Robust and Computationally Efficient Linear Contextual Bandits under Adversarial Corruption and Heavy-Tailed Noise

TL;DR

This paper introduces a computationally efficient algorithm for linear contextual bandits that is robust against adversarial corruption and heavy-tailed noise, achieving sublinear regret without prior knowledge of noise or corruption levels.

Contribution

It proposes a novel online mirror descent-based algorithm that handles both adversarial corruption and heavy-tailed noise efficiently, improving computational complexity and robustness over existing methods.

Findings

Reduces computational cost to O(1) per round.

Achieves regret bounds depending on noise moments and corruption.

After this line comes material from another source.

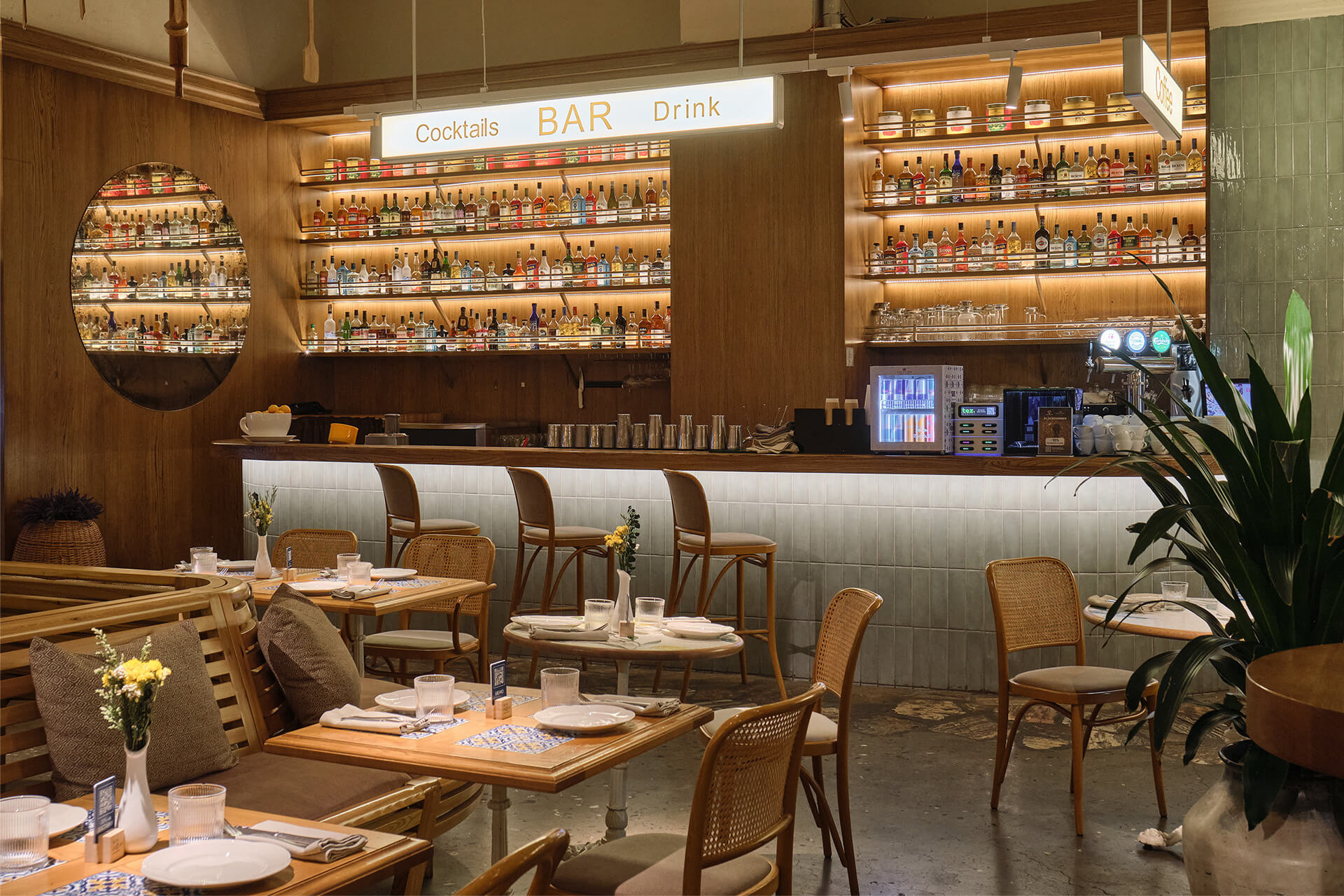 Tall shelves filled with jars, illuminated by warm light, add rhythm, depth, and a sense of abundance. The solid wood bar acts as the center of the venue’s life, constantly in motion: coffee, plates, chatter, movement.
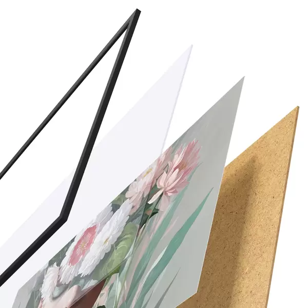 De poster bestaat uit een frame, plexiglas, geprinte afbeelding en spaanplaat achterkant. De poster kan meteen aan de muur worden gehangen dankzij de bevestigingen op de achterkant.

Recovers existing guarantees when noise is finite-variance and no corruption is present.

Abstract

We study linear contextual bandits under adversarial corruption and heavy-tailed noise with finite $(1+\epsilon)$-th moments for some $\epsilon \in (0,1]$. Existing work that addresses both adversarial corruption and heavy-tailed noise relies on a finite variance (i.e., finite second-moment) assumption and suffers from computational inefficiency. We propose a computationally efficient algorithm based on online mirror descent that achieves robustness to both adversarial corruption and heavy-tailed noise. While the existing algorithm incurs $\mathcal{O}(t\log T)$ computational cost, our algorithm reduces this to $\mathcal{O}(1)$ per round. We establish an additive regret bound consisting of a term depending on the $(1+\epsilon)$-moment bound of the noise and a term depending on the total amount of corruption. In particular, when $\epsilon = 1$, our result recovers existing guarantees under finite-variance assumptions. When no corruption is present, it matches the best-known rates for linear contextual bandits with heavy-tailed noise. Moreover, the algorithm requires no prior knowledge of the noise moment bound or the total amount of corruption and still guarantees sublinear regret.